とにかく、それゆえ、私は諸君に以下のことを考えていただこうと思っている。すでに計算した通り、未婚男性で溢れている現状は、我々先遣隊がいかに積極的アプローチを取ったところで問題はない。具体的にいえば、有無を言わさずホテルか、なんなら路地裏にでも連れ込んでお嫁さん無しにはいられないよう骨抜きにする。その際、授乳プレイでもSMでも年下プレイでも構わない。

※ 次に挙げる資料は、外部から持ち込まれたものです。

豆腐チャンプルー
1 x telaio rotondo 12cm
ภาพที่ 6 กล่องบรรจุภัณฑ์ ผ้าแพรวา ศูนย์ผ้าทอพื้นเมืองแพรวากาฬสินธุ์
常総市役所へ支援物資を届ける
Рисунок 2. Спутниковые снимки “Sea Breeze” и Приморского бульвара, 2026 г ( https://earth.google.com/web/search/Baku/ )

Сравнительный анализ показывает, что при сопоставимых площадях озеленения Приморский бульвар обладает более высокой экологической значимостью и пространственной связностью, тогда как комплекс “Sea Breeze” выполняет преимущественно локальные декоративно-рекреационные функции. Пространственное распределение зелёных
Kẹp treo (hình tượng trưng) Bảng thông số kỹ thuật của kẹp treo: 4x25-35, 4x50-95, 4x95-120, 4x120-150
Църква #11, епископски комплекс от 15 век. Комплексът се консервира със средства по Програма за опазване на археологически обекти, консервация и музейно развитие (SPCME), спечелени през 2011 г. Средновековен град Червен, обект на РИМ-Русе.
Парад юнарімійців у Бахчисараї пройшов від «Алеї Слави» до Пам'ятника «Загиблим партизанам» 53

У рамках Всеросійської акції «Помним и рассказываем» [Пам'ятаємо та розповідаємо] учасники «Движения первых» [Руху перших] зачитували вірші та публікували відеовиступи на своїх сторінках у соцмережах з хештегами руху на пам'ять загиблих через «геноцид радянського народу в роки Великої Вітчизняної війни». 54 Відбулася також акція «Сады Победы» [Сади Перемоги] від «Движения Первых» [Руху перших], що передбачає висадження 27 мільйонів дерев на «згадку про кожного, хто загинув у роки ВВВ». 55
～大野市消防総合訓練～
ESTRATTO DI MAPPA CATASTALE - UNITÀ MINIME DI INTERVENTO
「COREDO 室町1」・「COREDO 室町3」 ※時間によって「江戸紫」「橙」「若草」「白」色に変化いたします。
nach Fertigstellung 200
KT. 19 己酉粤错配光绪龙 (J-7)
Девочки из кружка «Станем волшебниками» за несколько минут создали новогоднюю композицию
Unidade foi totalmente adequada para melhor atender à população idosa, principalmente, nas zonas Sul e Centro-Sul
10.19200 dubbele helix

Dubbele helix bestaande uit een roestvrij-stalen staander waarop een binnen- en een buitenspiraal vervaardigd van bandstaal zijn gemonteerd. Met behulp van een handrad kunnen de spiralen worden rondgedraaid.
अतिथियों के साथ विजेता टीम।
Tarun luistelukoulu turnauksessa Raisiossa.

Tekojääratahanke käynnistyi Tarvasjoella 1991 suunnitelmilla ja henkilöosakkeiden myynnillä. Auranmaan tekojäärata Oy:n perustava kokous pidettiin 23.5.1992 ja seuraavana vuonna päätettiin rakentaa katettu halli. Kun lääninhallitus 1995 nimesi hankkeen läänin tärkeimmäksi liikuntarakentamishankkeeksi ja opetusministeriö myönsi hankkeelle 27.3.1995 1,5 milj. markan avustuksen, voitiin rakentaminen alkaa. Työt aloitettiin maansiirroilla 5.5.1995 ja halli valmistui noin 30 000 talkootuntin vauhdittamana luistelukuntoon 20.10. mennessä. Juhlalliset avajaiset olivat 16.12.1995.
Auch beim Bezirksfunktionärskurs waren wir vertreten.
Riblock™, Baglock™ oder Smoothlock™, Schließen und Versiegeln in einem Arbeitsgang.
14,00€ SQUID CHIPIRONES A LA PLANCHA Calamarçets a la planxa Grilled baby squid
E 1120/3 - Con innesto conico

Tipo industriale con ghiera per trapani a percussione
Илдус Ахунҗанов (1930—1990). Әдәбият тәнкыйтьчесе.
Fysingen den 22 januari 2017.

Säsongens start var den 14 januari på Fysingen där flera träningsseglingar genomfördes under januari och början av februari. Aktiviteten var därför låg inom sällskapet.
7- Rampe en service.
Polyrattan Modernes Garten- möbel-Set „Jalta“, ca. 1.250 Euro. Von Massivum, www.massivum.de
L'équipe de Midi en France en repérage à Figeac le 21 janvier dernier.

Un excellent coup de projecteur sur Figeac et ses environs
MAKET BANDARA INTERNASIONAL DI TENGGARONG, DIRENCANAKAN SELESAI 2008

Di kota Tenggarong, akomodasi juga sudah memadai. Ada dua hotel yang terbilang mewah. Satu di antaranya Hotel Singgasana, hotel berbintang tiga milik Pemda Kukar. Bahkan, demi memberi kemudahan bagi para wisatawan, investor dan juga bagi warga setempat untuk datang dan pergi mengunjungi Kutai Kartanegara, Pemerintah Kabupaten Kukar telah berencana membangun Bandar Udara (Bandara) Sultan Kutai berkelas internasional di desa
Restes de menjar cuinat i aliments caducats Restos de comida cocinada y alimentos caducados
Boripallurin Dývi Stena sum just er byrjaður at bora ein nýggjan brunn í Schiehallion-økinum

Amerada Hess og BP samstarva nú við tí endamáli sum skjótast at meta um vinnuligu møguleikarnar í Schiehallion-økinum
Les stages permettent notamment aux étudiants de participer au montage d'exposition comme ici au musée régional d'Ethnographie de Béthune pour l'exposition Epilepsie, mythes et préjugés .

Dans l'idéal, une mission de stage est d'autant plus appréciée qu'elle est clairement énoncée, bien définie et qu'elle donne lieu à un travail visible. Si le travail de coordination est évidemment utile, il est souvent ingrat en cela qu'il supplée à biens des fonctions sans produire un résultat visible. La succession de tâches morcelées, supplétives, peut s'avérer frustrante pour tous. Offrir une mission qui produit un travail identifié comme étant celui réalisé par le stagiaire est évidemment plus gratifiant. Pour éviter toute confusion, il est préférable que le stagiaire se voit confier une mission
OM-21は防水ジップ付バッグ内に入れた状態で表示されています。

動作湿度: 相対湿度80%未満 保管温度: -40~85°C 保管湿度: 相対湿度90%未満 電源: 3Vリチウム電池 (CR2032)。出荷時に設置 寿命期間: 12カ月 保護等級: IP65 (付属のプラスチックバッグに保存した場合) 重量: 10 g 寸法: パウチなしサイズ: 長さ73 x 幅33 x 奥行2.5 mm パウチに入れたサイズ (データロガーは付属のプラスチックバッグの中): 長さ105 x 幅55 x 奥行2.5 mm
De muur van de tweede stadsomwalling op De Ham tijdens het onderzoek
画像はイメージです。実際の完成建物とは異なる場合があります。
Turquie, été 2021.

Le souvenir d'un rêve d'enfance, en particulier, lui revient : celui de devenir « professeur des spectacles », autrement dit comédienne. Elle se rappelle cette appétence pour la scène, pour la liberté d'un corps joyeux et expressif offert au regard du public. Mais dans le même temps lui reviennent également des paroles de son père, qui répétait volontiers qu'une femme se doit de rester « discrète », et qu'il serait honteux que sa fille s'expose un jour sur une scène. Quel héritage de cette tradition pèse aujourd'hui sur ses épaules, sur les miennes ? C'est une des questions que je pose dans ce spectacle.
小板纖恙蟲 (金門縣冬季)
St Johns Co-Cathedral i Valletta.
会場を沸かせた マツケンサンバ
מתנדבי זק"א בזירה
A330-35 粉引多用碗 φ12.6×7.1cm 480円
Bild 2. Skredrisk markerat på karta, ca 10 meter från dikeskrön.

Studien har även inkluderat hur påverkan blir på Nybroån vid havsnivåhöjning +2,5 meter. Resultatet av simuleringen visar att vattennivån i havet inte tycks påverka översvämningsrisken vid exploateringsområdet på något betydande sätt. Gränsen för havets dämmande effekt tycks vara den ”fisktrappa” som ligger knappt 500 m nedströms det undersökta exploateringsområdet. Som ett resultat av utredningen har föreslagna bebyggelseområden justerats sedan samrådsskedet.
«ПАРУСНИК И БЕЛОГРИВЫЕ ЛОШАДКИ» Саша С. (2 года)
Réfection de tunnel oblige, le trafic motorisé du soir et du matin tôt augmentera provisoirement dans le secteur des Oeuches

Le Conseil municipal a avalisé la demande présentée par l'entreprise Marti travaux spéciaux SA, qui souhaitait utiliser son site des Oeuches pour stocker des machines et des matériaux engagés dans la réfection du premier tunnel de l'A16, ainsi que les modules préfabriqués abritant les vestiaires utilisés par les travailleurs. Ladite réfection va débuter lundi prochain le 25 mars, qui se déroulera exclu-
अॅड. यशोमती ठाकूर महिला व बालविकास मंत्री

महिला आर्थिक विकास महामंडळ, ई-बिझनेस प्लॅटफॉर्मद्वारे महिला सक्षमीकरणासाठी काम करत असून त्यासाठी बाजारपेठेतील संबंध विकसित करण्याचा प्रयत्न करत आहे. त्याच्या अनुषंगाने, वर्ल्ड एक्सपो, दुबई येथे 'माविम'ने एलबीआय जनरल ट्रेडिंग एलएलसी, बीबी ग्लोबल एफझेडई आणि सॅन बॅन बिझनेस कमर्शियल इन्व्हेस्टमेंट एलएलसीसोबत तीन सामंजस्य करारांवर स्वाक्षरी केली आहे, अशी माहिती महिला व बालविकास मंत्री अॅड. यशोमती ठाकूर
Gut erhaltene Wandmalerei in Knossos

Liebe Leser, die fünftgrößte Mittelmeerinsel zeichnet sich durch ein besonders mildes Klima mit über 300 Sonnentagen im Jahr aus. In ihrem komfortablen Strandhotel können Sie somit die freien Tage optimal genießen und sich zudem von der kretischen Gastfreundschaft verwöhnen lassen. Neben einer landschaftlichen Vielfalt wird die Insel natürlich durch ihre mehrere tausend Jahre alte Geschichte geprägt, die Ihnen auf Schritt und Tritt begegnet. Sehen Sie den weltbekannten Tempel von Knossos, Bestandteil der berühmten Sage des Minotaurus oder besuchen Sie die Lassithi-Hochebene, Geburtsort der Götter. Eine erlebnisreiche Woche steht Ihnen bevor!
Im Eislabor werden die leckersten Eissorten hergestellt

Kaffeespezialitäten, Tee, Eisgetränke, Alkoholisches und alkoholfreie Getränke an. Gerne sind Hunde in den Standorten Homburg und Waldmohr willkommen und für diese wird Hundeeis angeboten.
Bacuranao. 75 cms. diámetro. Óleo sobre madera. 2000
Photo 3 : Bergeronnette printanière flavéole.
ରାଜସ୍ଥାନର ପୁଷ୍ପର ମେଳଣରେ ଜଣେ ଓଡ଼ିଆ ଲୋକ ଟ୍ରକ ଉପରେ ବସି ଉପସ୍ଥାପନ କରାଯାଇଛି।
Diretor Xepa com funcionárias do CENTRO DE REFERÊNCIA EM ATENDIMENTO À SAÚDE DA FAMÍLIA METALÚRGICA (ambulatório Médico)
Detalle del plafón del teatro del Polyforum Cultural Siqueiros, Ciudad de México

手段が多少強引となることは認めよう。しかし、我々先遣隊は「ゲンダイシャカイ」の集団に入り、後から来るであろう後輩達への余地を作らねばならない。そのためには現地人となる生涯の協力者が必要となる。これはあくまで任務のため、任務のためなのだ。

「ゲンダイシャカイ」の受け入れ先もある程度目星をつけている。まずは独身男性の多い「キギョウ」や「コウテキキカン」。「ゲンダイシャカイ」の根幹を担うそれらに潜入すれば、今後の活動にも有利になれるだろう。
「キギョウ」については所属する人間の多い「ダイキギョウ」も勿論候補にあるが、独身男性の割合が高い「チュウショウキギョウ」も視野に入れて幅広く受け口を探っていく。流石に男、即、交まではいかないが、事務能力に自信がある娘なら、忙しい仕事をフォローしながらアピールすればあとは力づくでもいける算段である。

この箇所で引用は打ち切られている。